* **Exercise**
The output should be the listing below, limited to the lines from the one with "Here's an example" through the one with "Package included: 100", exact and without pictures.

* **Material for this task**
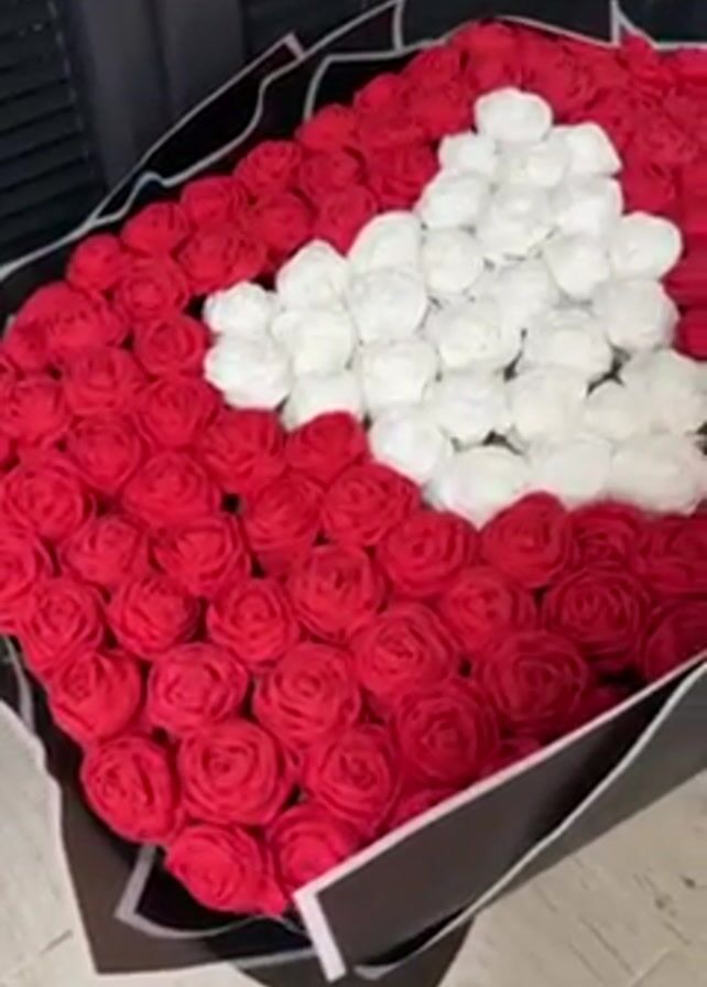 A close-up shot displays a large floral arrangement laid on a surface near a window with closed blinds. The arrangement is composed of numerous red roses forming a background for a white heart shape created from white roses. The arrangement is wrapped in black and white paper. The camera circles to provide a better view of the bouquet.
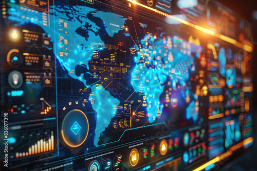 A large screen displaying a cybersecurity map, detailed data points, top view, showcasing network security and global threats
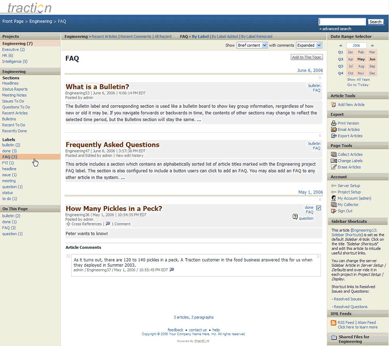 Here's an example showing how tags work. In this case, the FAQ tag in an Engineering space was clicked. You can see that there are three matches. The Add to This Topic button in the upper right makes it easy to add a new article tagged FAQ and it will show up in this area.
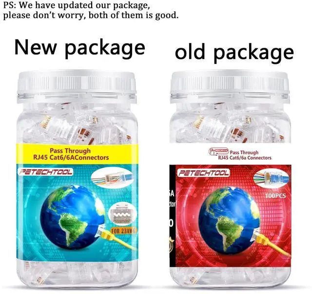 Package included: 100 pack RJ45 cat6/6a connectors for Awg23.
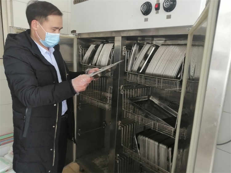 他对餐厅人员进行分组分工,明确职责,出菜后第一时间装盒,然后按照规划好的路线送餐。每天都会准点将热乎乎、香喷喷的饭菜送到职工手中。对于回收的餐具,则按照“先刷后煮再消毒”的操作流程进行,每天消毒工作完成后,已是下午15时了,但邢文威的工作还未结束,他还要为各项目提供后勤物资保障,如组织防控应急演练,为一直奋战在岗位的人员送去口罩、手套、方便面等物资。

* **Result**
 Here's an example showing how tags work. In this case, the FAQ tag in an Engineering space was clicked. You can see that there are three matches. The Add to This Topic button in the upper right makes it easy to add a new article tagged FAQ and it will show up in this area.
 Package included: 100 pack RJ45 cat6/6a connectors for Awg23.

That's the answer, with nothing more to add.